Başkanlık sistemine ilişkin tartışmaların merkezinde yer alan önemli konulardan biri, yerel yönetimlerin siyasal ve yönetsel sistem içerisindeki biçimlenişidir. Başkanlık sistemlerinde yerel yönetimlerin nasıl şekillendirileceği konusu, Türkiye'de yüzeysel ve kategorik bir şekilde değerlendirilmekte ve başkanlık sistemini olumsuzlamak için bir söylem üretme alanı olarak kullanılmaktadır. Buna göre, başkanlık sistemi kaçınılmaz olarak federalizmi beraberinde getirmekte, böylece yerel yönetimler bağımsız hareket edebilmekte, bu ise ülkenin bölünmesine yol açmaktadır. Bu söylem, Türkiye'de son dönemdeki sözde "özyönetim" ilanları ile bütünleştirilmekte ve başkanlık sistemine ilişkin bir algı kamuoyunda inşa edilmektedir. Bu söyleme dair iki temel yanılgıdan bahsetmek mümkündür.
Bu yanılgılardan ilki, başkanlık sistemi ile federalizm arasında doğrudan bir ilişki kurulmasıdır. Dünya genelinde, ABD, Brezilya, Arjantin ve Meksika gibi başkanlık sistemine sahip federal devletler olduğu gibi, Güney Kore, Peru, Şili ve Endonezya gibi başkanlık sistemine sahip üniter devletler de mevcuttur. Veya Almanya, Kanada, Avustralya gibi parlamenter sisteme sahip federal devletler vardır.
Diğer yanılgı ise, başkanlık sistemine sahip devletlerde yerel yönetimlerin yasama ve yürütme gücüne sahip oldukları ve böylece bağımsız hareket edebilecekleridir. Bir ülkenin üniter veya federal olması, iktidarın dikey bölüşümünde ulus-altı birimlerin merkezi yönetim karşısındaki pozisyonu ve sahip olduğu özerkliğin niteliği (siyasi veya idari özerklik) üzerinde belirleyicidir. Federal devlet, siyasal nitelikli yetkilerin ulus-altı birimlere devredilmesini ve eyaletlerin kendi yasama, yürütme ve yargı düzenlerine sahip olmasını öngörürken; üniter devlet iktidarın dikey paylaşımında sadece idari desentralizasyona imkan vermekte ve o yörede sunulacak hizmetlerden sorumlu yerel yönetimlerin idari ve mali kapasitelerinin artırılmasını hedeflemektedir. Dolayısıyla, başkanlık sistemine sahip üniter devletlerde yerel yönetimler bağımsız olamaz. Hatta, genel olarak başkanlık sistemine sahip federal devletlerde bile yerel yönetimlere ait yasama, yürütme ve yargı gücünden bahsedilemez. ABD gibi federal devletlerde bu güce eyaletler sahiptir, onlar da bir yerel yönetim birimi değildir.

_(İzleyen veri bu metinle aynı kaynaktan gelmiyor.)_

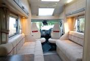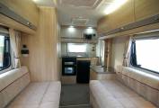 The Majestic is light and spacious inside, having two large rooflights, side settees and swivel cab seats. The central double bed is quick to make up too thanks to sliding bed frames with no infill cushions required. Underseat storage is easily accessed thanks to lifting seat frames. Towards the rear is a fully equipped kitchen with microwave, dual fuel hob, gas oven and grill, three way fridge, pull out worksurface and plenty of locker space. To the side is a good sized washroom with toilet, vanity sink and shower.

O halde, Türkiye'de başkanlık sistemi ve yerel yönetimler ilişkisine odaklanan tartışmalar birtakım yanılgılar etrafında yapılmaktadır. Aslolan, Türkiye'de başkanlık sistemi, yerel yönetimlerin konumu gibi meseleleri şahıs merkezli ve siyasi konumlanışlar temelinde değil, Türkiye'nin demokratikleşme projesinin bütüncül bir parçası olarak değerlendirmek ve özelde yerel yönetimlerin kaldırım taşı takıp söken birimler mi yoksa demokrasi okulları mı olacağına karar vermektir.